*Exercise material:*
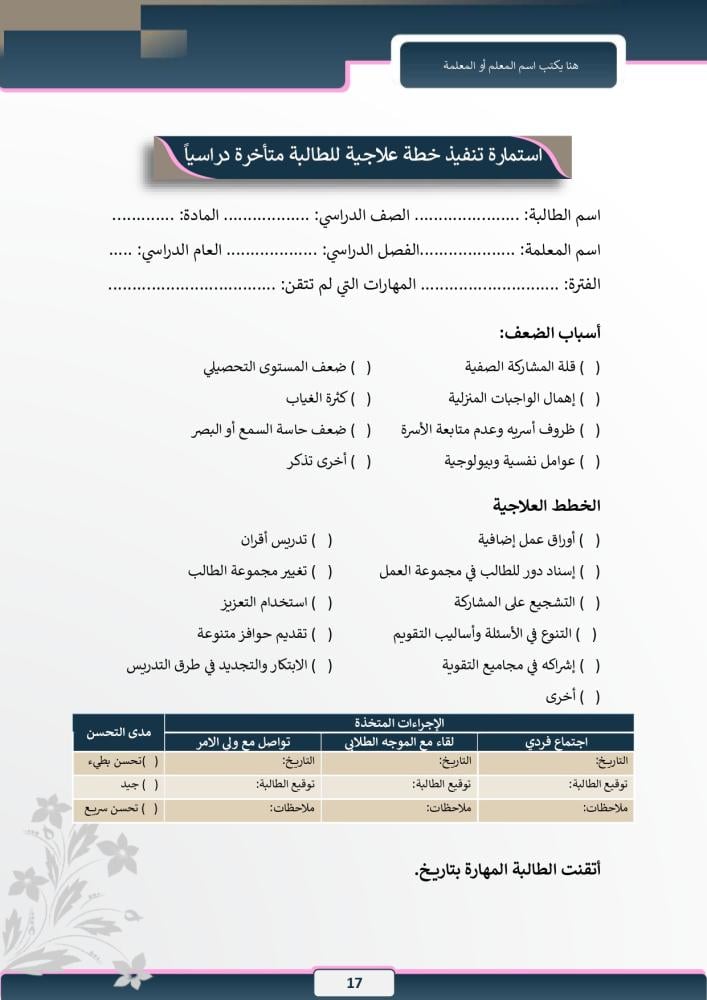 نماذج لرعاية الطالبات :
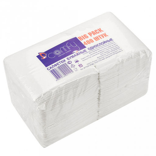 Салфетки бумажные "БигПак" 24х24см, 400шт в упаковке, целлюлоза 100%, белый, ГОСТ Р 52354-2005, Comfy (Россия)
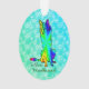 Ornement Silken Windhound coloré avec fond de flocon de neige vert et bleu.
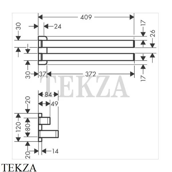 Двойной полотенцедержатель 409 мм Axor Universal для настенного монтажа.
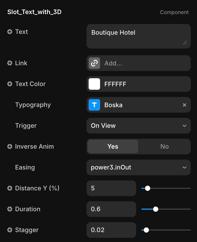 Smart Triggers: Choose between "Hover" for interactive engagement or "On View" to automatically trigger the 3D animation as soon as the text enters the viewport.
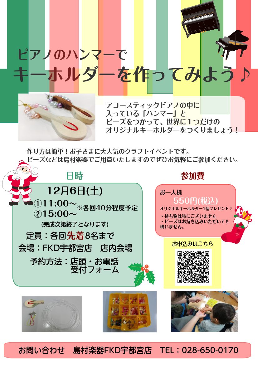 【🎄Christmasピアノフェア🌟】12/6(日)開催「ハンマーキーホルダーを作ってみよう!」

*Work task:* The whole listing above, word for word: repeat it with the pictures excluded.

*Solution to this task:*
 نماذج لرعاية الطالبات :
 Салфетки бумажные "БигПак" 24х24см, 400шт в упаковке, целлюлоза 100%, белый, ГОСТ Р 52354-2005, Comfy (Россия)
 Ornement Silken Windhound coloré avec fond de flocon de neige vert et bleu.
 Двойной полотенцедержатель 409 мм Axor Universal для настенного монтажа.
 Smart Triggers: Choose between "Hover" for interactive engagement or "On View" to automatically trigger the 3D animation as soon as the text enters the viewport.
 【🎄Christmasピアノフェア🌟】12/6(日)開催「ハンマーキーホルダーを作ってみよう!」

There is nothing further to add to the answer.